» Task directions: Though the records contain pictures, copy none of them; repeat exactly the lines from the one with "- Ptasia stołówka" to the end.

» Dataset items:
-- Opening Marker --

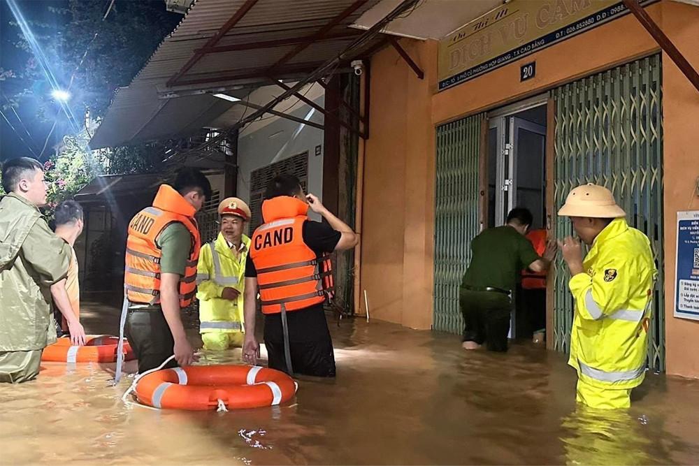 Công an TP Cao Bằng (tỉnh Cao Bằng giúp người dân sơ tán tài sản đến nơi an toàn trong đêm 8/9. (Ảnh: TTXVN)
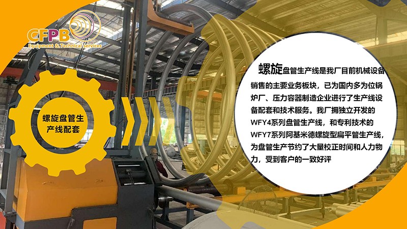 螺旋盤管生產(chǎn)線是我廠目前機械設(shè)備銷售的主要業(yè)務板塊,已為國內(nèi)多為位鍋爐廠、壓力容器制造企業(yè)進行了生產(chǎn)線設(shè)備配套和技術(shù)服務。我廠擁獨立開發(fā)的WFY4系列盤管生產(chǎn)線,和擁有專利技術(shù)的WFY7系列阿基米德螺旋型扁平管生產(chǎn)線,為盤管生產(chǎn)節(jié)約了大量校正時間和人力物力,受到客戶的一致好評。
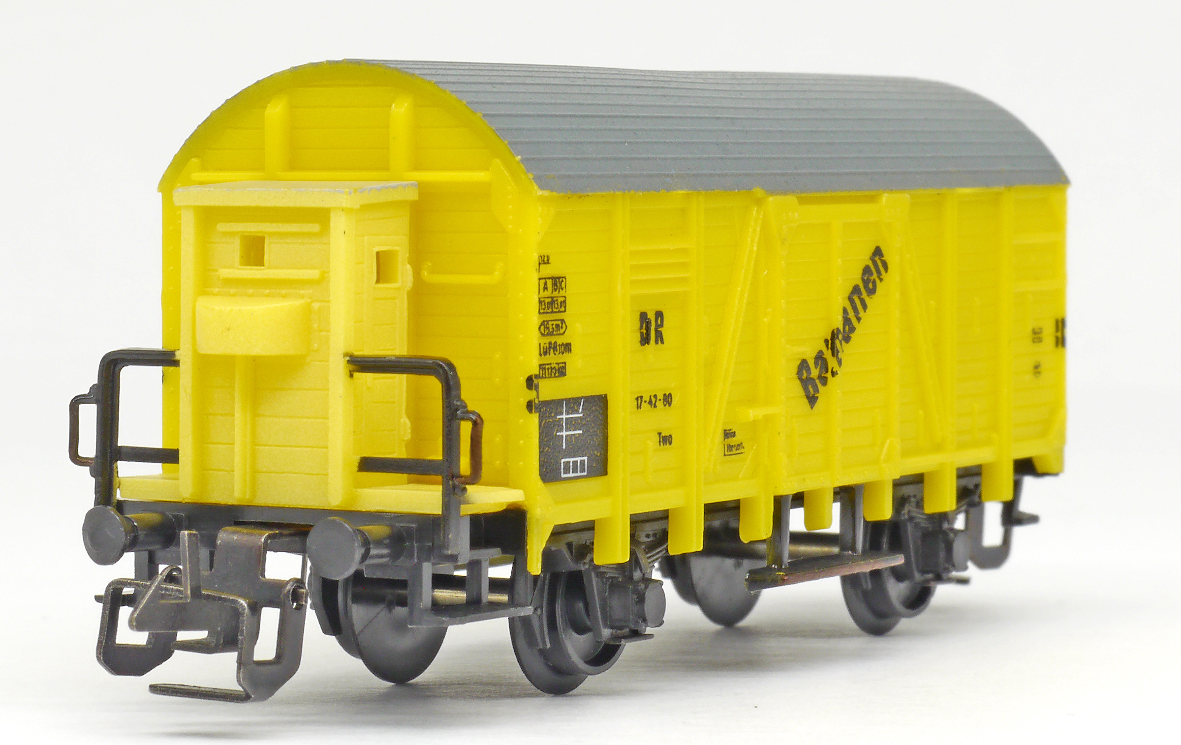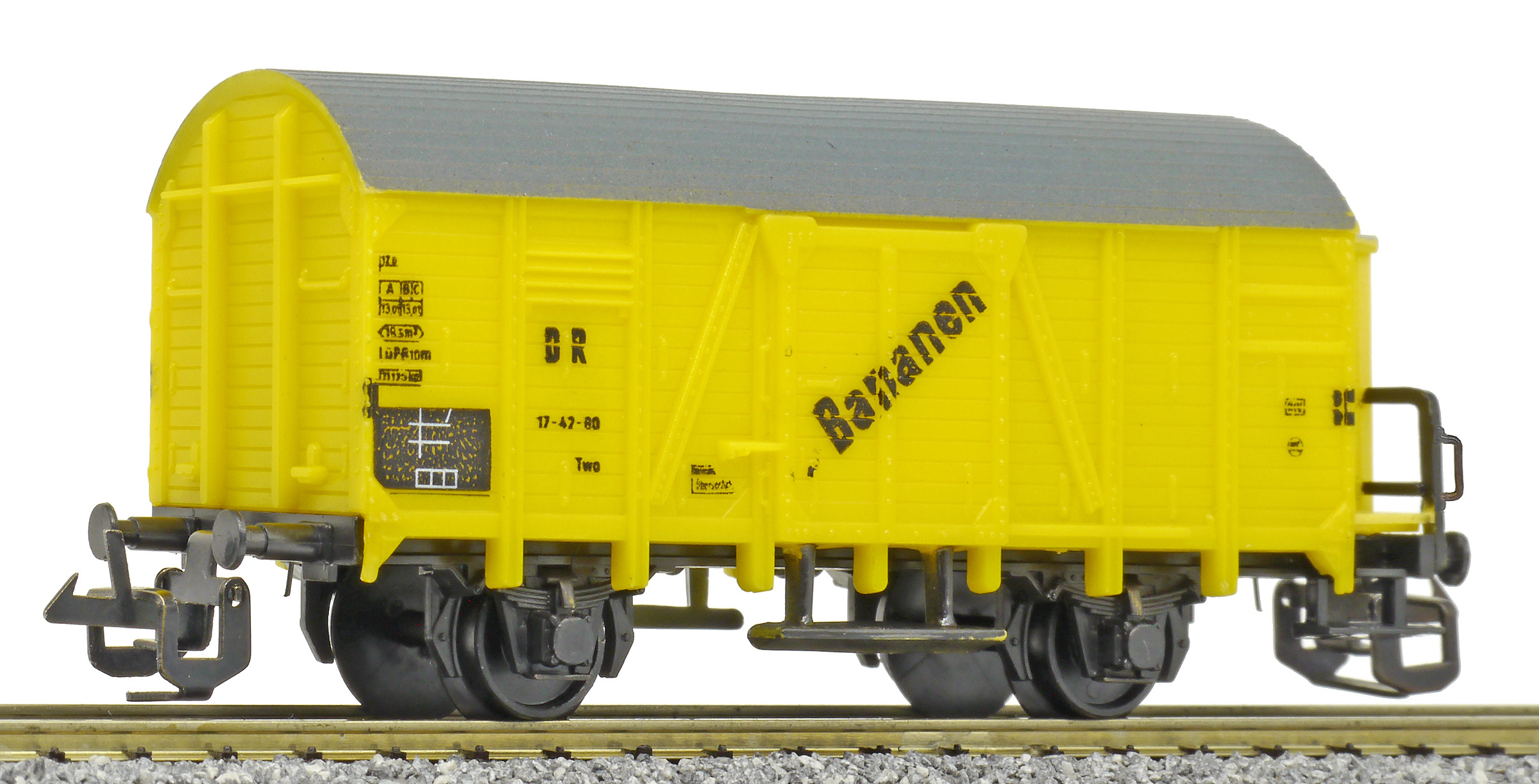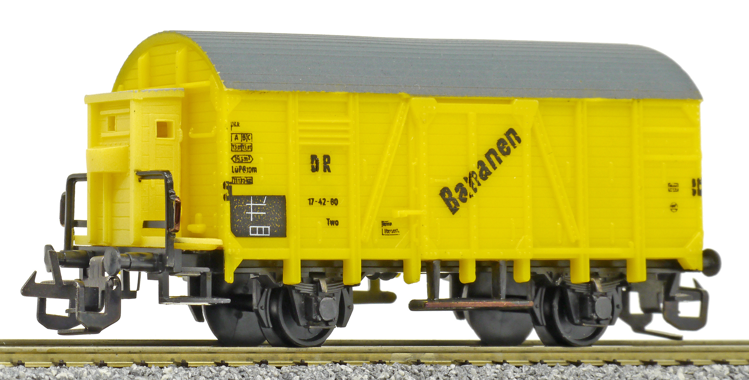 | nákladní vůz žlutý s šedou střechou a s brzdařskou budkou na přepravu banánů „Bananen“ |
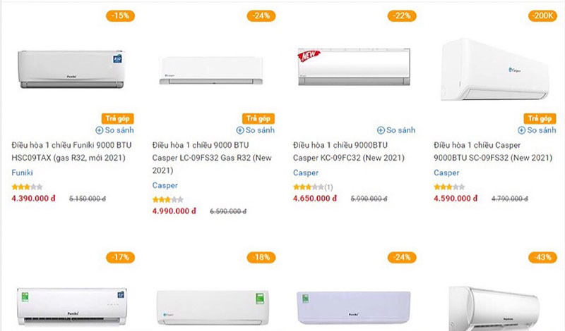 Đặc biệt, một số mẫu điều hòa đời 2021 có giá chỉ từ 4 triệu đồng, như: điều hòa 1 chiều 9000BTU Dairry DR09-SKC giảm giá từ 5,1 triệu đồng còn 4,3 triệu đồng; mẫu điều hòa 1 chiều Casper 9000BTU SC-09FS32 hiện còn 4,5 triệu đồng thay vì mức giá cũ là 4,7 triệu đồng; điều hòa luxury 9000BTU Dairry DR09-LKC có giá 4,6 triệu đồng; điều hòa 1 chiều 9000 BTU Casper LC-09FS32 giảm từ 6,5 triệu đồng còn 4,9 triệu đồng…
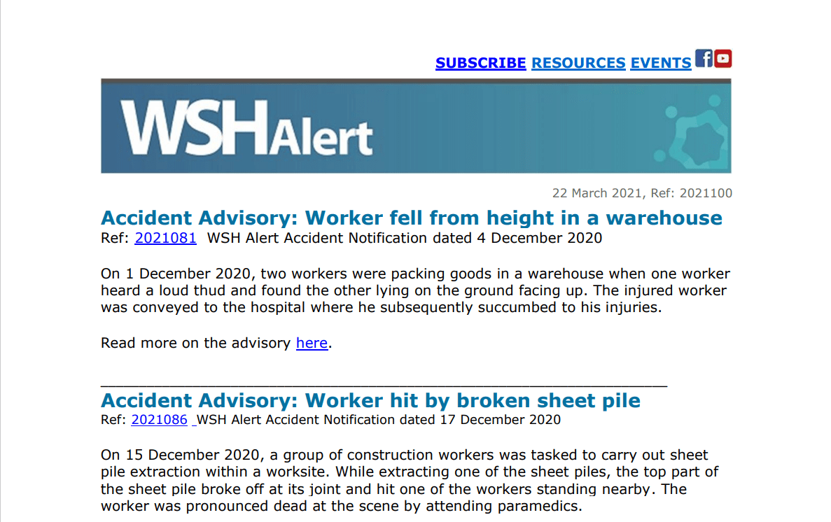 WSH Alert Accident Advisory 22 March 2021 Worker fell from height in a warehouse
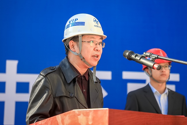 中交南亞總部大廈封頂儀式現(xiàn)場(chǎng)項(xiàng)目代表上臺(tái)致辭
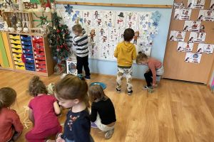 - Ptasia stołówka – podczas tych zajęć dzieci zapoznały się z nazwami ptaków zimującymi w Polsce oraz ze sposobem ich dokarmiania podczas zimy. Słowiki zdobywały swoja wiedzę poprzez oglądanie filmu edukacyjnego, plansz dydaktycznych, czytanie globalne, wykonywanie prac plastycznych, zabawy konstrukcyjne i sensoryczne.
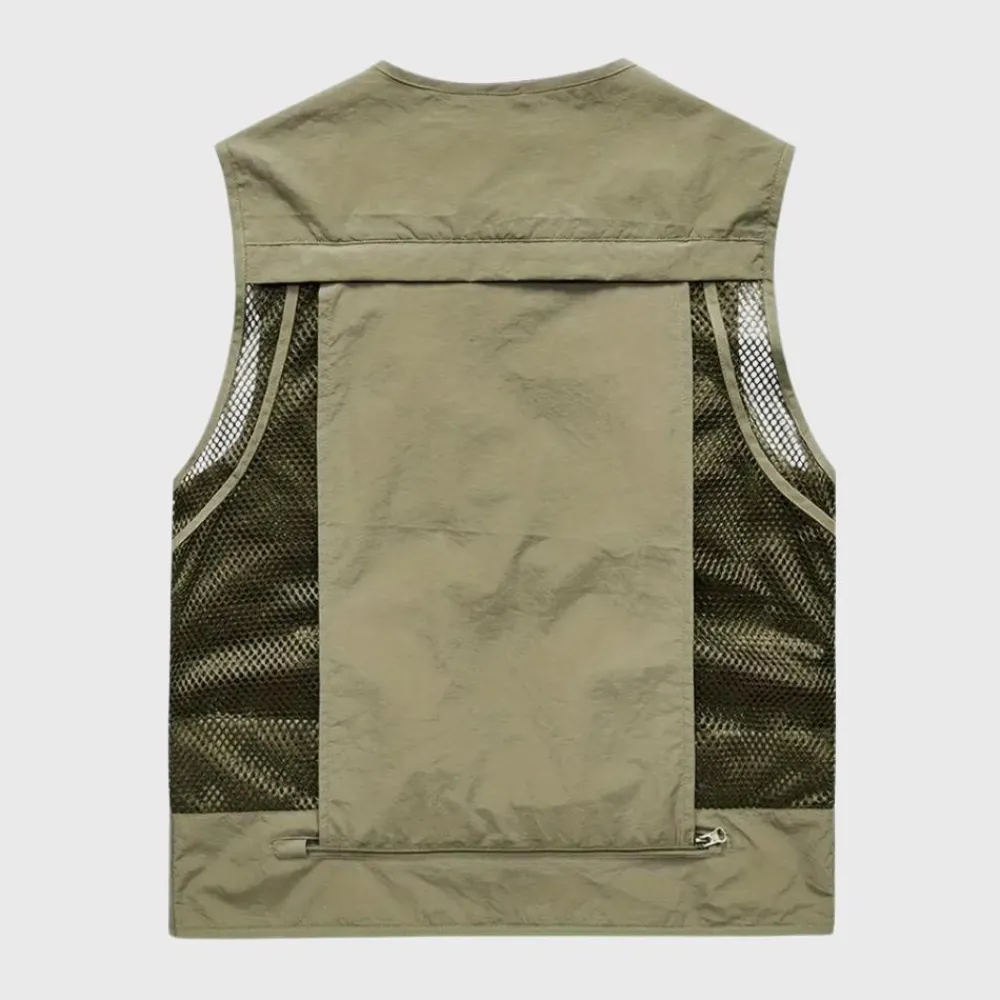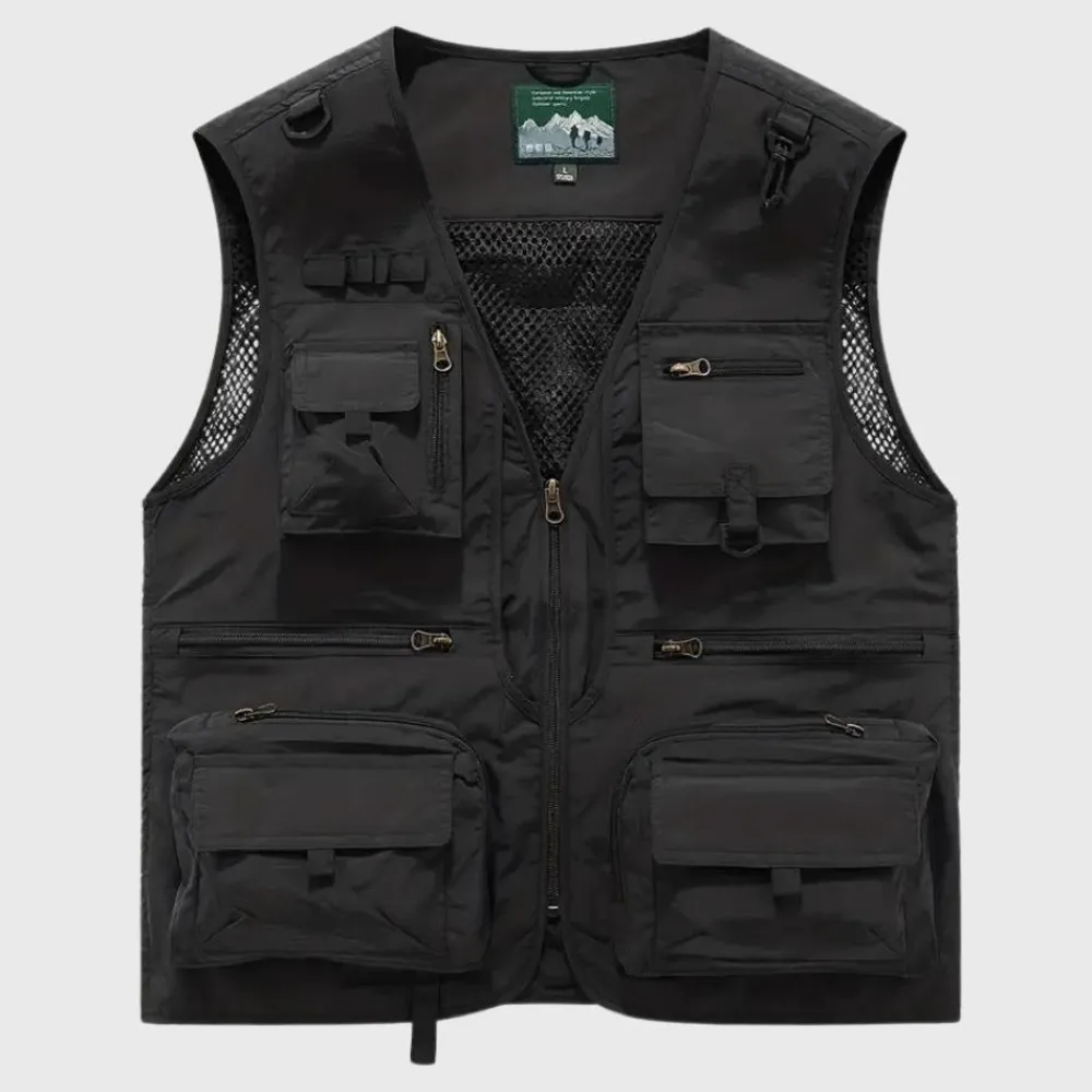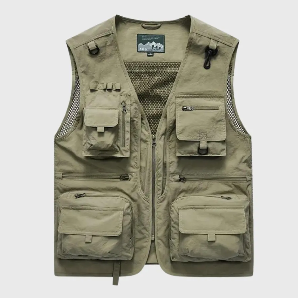 Hier heb je onze Troels Ademend cargo herenvest met meerdere zakken. Deze vest is zowel comfortabel als stijlvol voor uitgaan, maar ook voor thuis op de bank. Deze vest is gemaakt van een comfortabele stof die geschikt is voor de lente, herfst en winter.
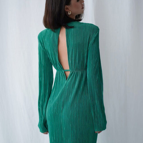 Quick ViewPleated Trendy Long Sleeve Slit Back Charm Dress
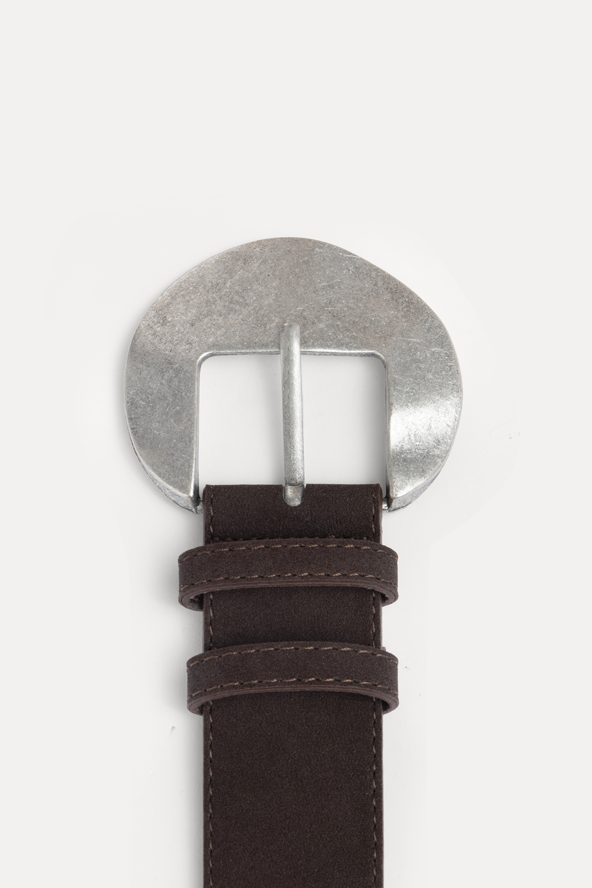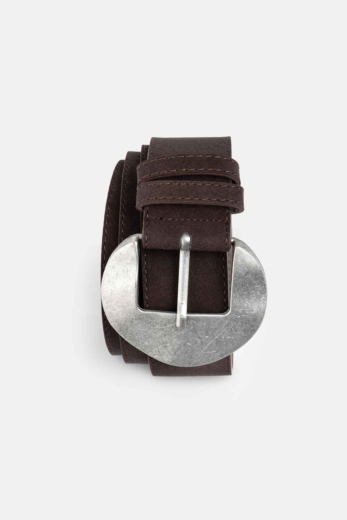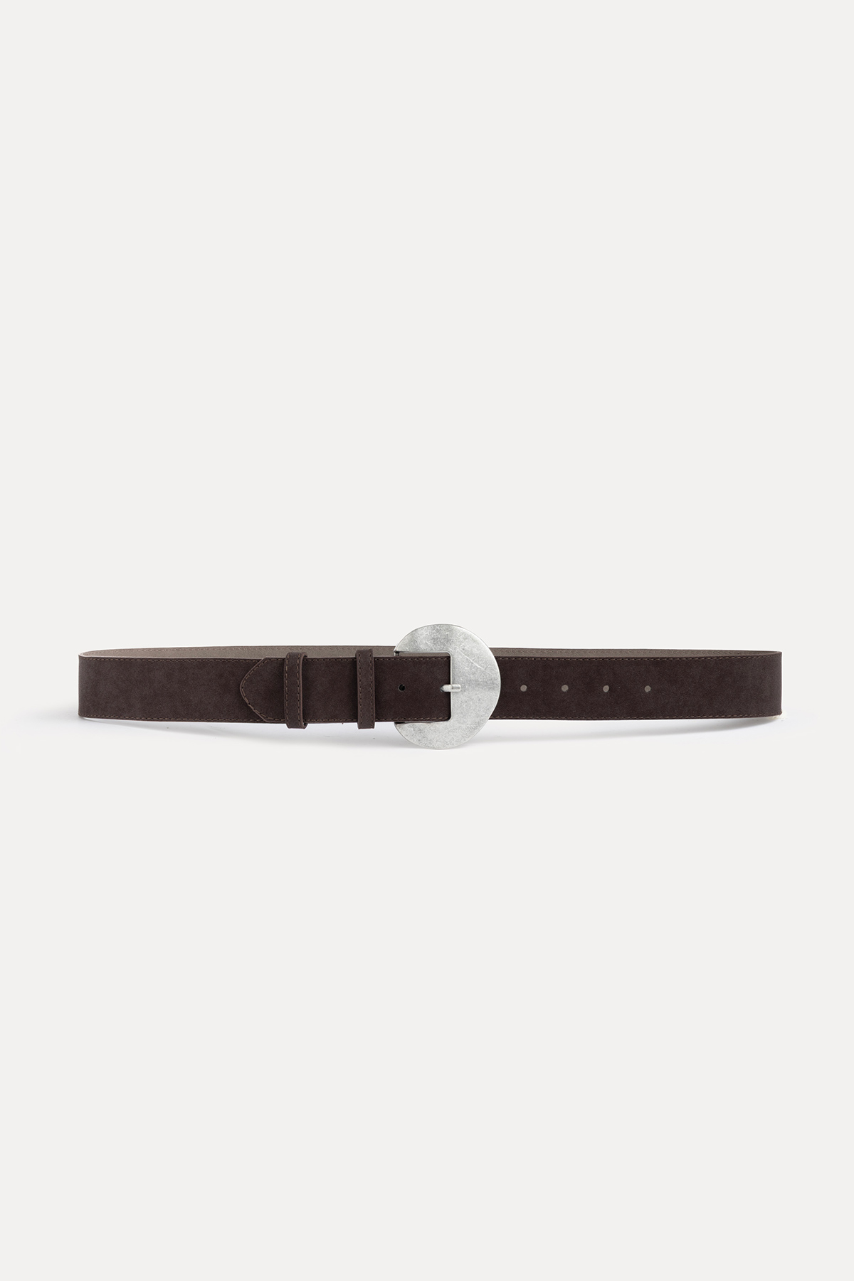 Yuvarlak tokalı süet kemer

-- Closing Marker --

» Your solution:
 - Ptasia stołówka – podczas tych zajęć dzieci zapoznały się z nazwami ptaków zimującymi w Polsce oraz ze sposobem ich dokarmiania podczas zimy. Słowiki zdobywały swoja wiedzę poprzez oglądanie filmu edukacyjnego, plansz dydaktycznych, czytanie globalne, wykonywanie prac plastycznych, zabawy konstrukcyjne i sensoryczne.
 Hier heb je onze Troels Ademend cargo herenvest met meerdere zakken. Deze vest is zowel comfortabel als stijlvol voor uitgaan, maar ook voor thuis op de bank. Deze vest is gemaakt van een comfortabele stof die geschikt is voor de lente, herfst en winter.
 Quick ViewPleated Trendy Long Sleeve Slit Back Charm Dress
 Yuvarlak tokalı süet kemer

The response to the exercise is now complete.